Paul further describes the relationship of the wife to the husband and the relationship of the church to Christ. Ephesians 5:24, Therefore just as the church is subject to Christ, so let the wives be to their own husbands in everything.

The responsibility of the husband is to love your wives as said in Ephesians 5:25 and Colossians says, Husbands love your wives and do not be bitter toward them. Don’t be harsh with them. The husband is compared to Christ and His relationship with the Church. How is the husband to love the wife?

  1. Love Her Selflessly (v.25) – Not selfishly in getting what you can out of the relationship. The wife should be taken into consideration to every decision made.
  2. Love Her Sacrificially (v.25) – Every home needs 2 funerals and a marriage. A dying to self.
  3. Love Her Sanctifyingly (vs. 26-28) – The husband is to place his wife in the best position for spiritual growth.
  4. Love Her Satisfyingly (v.28-29) – You may hate at times what you do but you do love yourself. When you are hungry you want food. When you are thirsty you want something to drink. When your body is tired you desire rest.
  5. Love Her Supremely (vs. 30-31) – There is no earthly relationship spoken of in this way.

ILLUS: A man came to his pastor and said I feel so guilty, I think I love my wife too much. The pastor said, “God’s Word says you are to love your wife as Christ loved the church, do you love her that much?” The man said, “No I am afraid I don’t.” You had better repent that you don’t love her enough. (Illus. under Marriage)

Do you see how it is easy for a wife to submit to a husband that loves her in this way?

We move to the parental/child relationship. For the child the two “go to” passages is Colossians 3:20 & Ephesians 6:1-2… Obey and Honor. Obviously if you are asked to do something that is out of line with Scripture, we stand on Acts 5:29 which says, We ought to obey God rather than men. The responsibility of the parent is directed toward the father but would include the mother as well. The parents are to give:

  • Devotion – Colossians 3:21 says… We owe them love
  • Discipline – You have to find out what works with a child.
  • Direction – Don’t frustrate them with an inconsistent example.

Next is the Vocational Relationship. We would apply it to the employer/employee relationship. To the Employee he says in verses 22-25… Eye service is only working when the boss is looking.

ILLUS: Three guys are fishing on a lake when an angel appears in the boat with them. The first guy gets over his shock and humbly says to the angel, “I’ve suffered from back pain for years. Is it too much to ask that you help me?” The angel touches the man’s back, and he feels instant relief.

The second guy points to his Coke-bottle glasses and asks if the angel could cure his poor eyesight. The angel tosses the man’s glasses into the lake. When they hit the water, the man’s vision clears, and he can see everything distinctly.

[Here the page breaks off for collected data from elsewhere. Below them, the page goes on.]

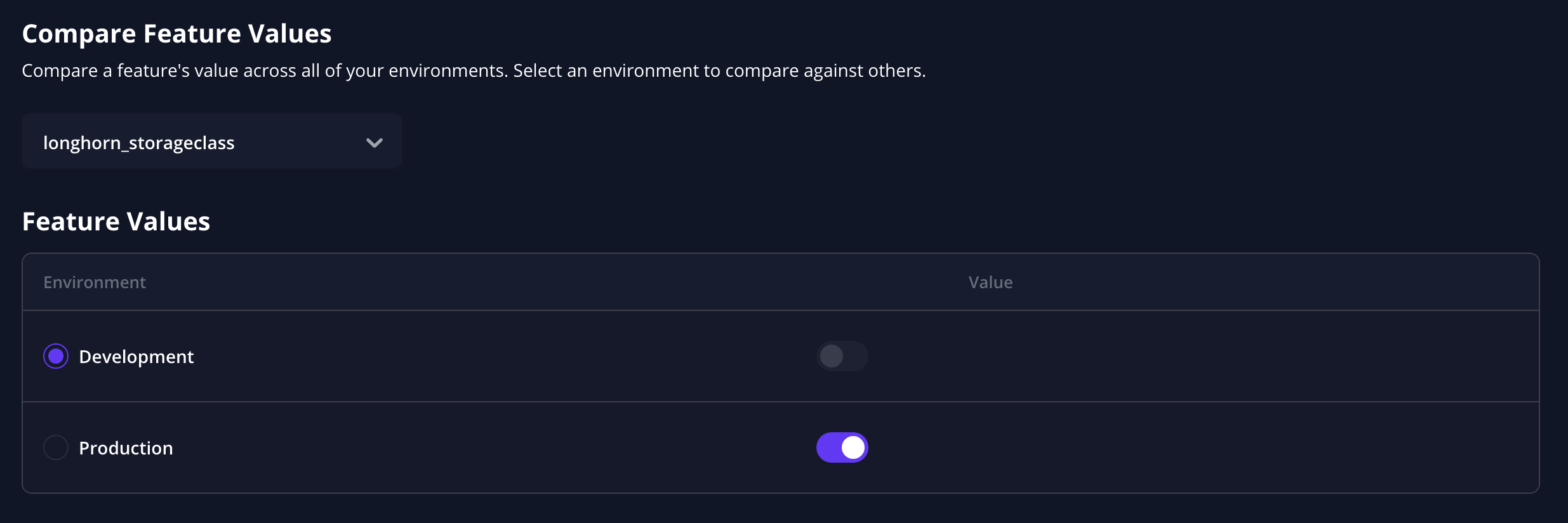 As an example, one of the features I have configured is using Longhorn as my default storage class. For some background longhorn is a distributed storage solution for bare metal Kubernetes essentially allowing you to use your node’s storage like cloud native storage. The other important detail is I run my Kubernetes cluster in a co-location and I don’t currently have the budget to run a dedicated “staging” cluster. So when I need to develop and test things I usually spin up a kind cluster on my laptop and work from there. One issue with this is Longhorn doesn’t work so well on a kind cluster because of some limitations with kind so I needed a way that when I spin up my deployments on my laptop it will use the default storage class but in production it will use longhorn. FlagOps was able to solve this for me pretty easily.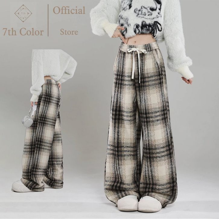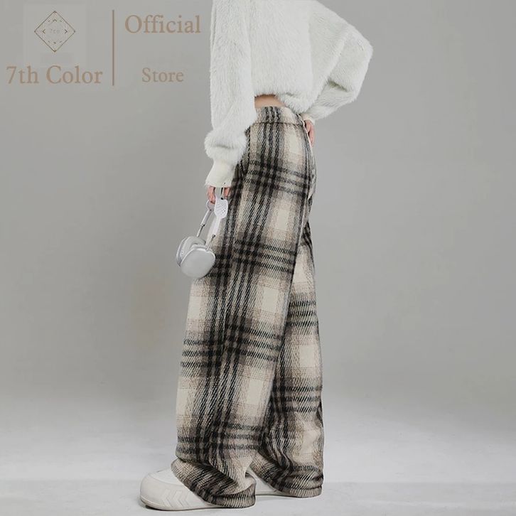Celana Santai Wol Motif kotak-kotak Celana Korean Style Celana Kulot Wanita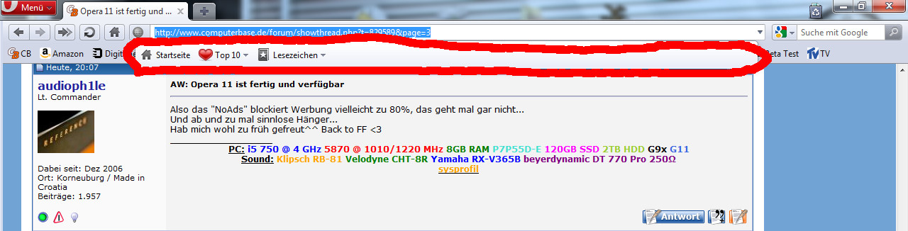 Was mir bei dieser Version aber überhaupt nicht gefällt, ist die neue Adressleiste. Zwar ist es sinnvoll, dass die Domain hervorgehoben wird, allerdings blendet Opera Teile der Addresse aus (z.B. youtube.com/watch statt http://www.youtube.com/watch?v=xrU6JxQ9d2A&feature=fvst) und das geht meiner Meinung nach garnicht.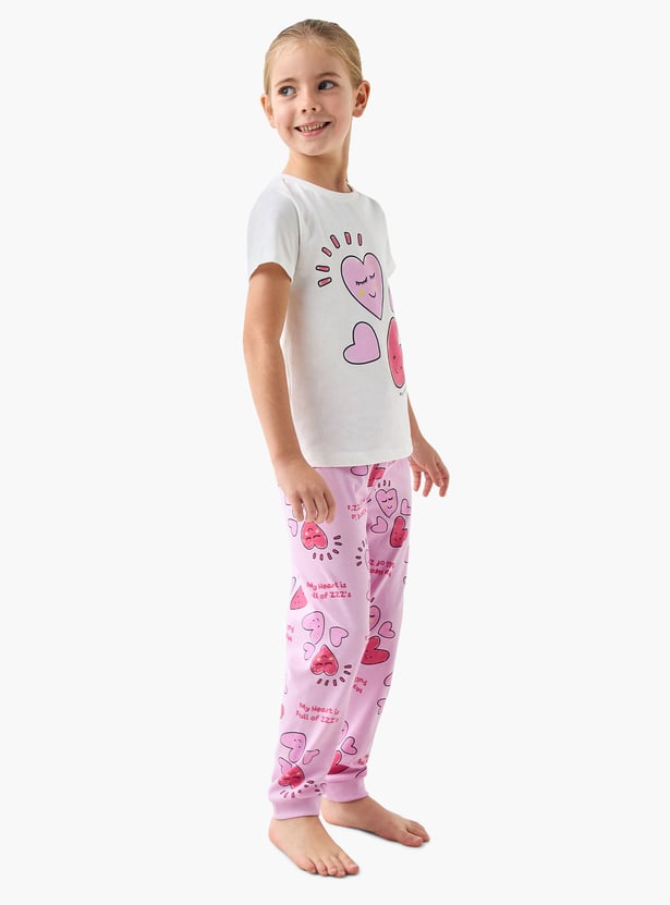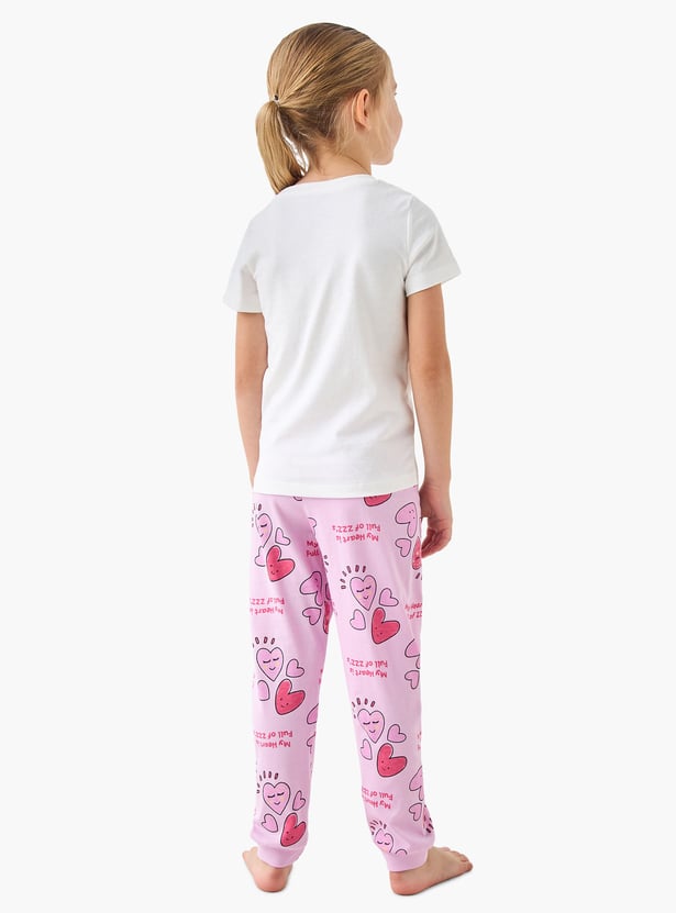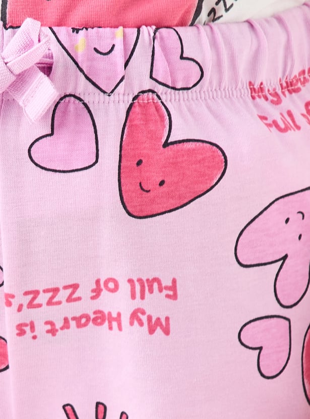 Juniors Heart Print T-shirt and Pyjama Set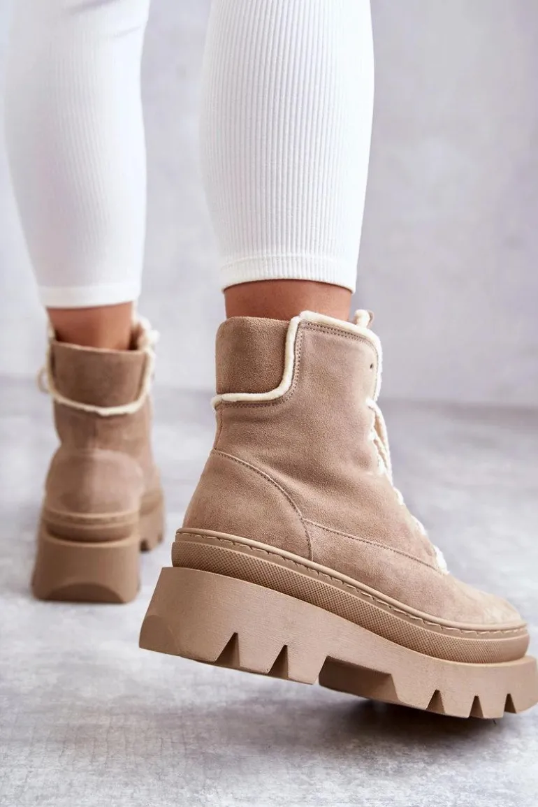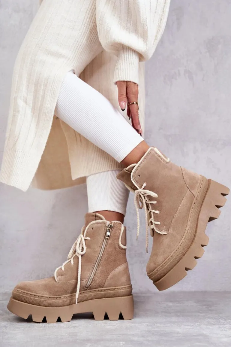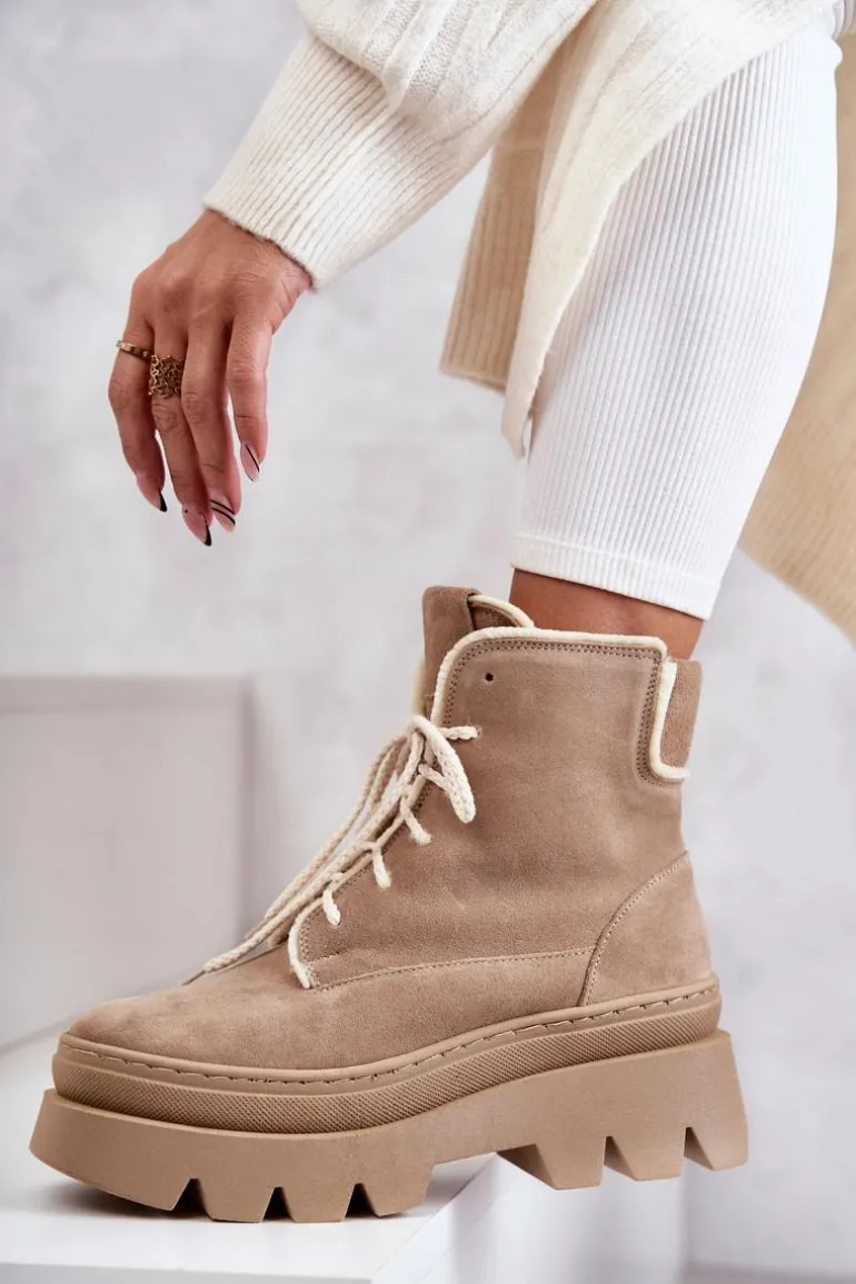Botki damskie o klasycznym fasonie świetnie sprawdzą się na jesienne, chłodne dni. Posiadają wewnątrz ocieplenie w postaci koca obuwniczego. Osadzone na płaskim, stabilnym obcasie ze żłobieniami. Dodatkowo posiadają usztywniany zapiętek. Model z suwakiem na boku cholewki oraz sznurowaniem. Botki doskonale sprawdzą się w wielu stylizacjach. Przy wyborze rozmiaru prosimy sugerować się tabelą rozmiarów.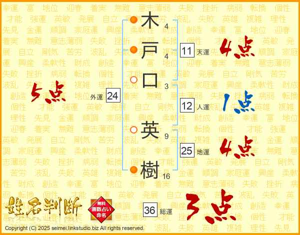 木(4画)戸(4画)口(3画) 英(9画)樹(16画)

The angel now turns to the third guy, who throws up his hands in fear. “Don’t touch me!” he cries. “I’m on disability!” (Illus. under Work)

Paul puts dignity in the work because he says in verse 23… and v. 24 b. He then turns to the Employer and says you have a responsibility because you have a master in Heaven.

  1. THE REWARD FROM THESE RELATIONSHIPS
  2. Marital Relationships – When a husband and wife fulfill their God given responsibility, they picture the relationship of Christ and the Church. There is the blessing of God on that relationship.
  3. Parental Relationships – Colossians 3:20 and I think it is inferred this is for parent and child. It is well pleasing to the Lord. Ephesians 6:1-3 says… To children he says if you want to be good to yourself, follow his dictates.
  4. Vocational Relationships– God will reward the role that is followed biblically.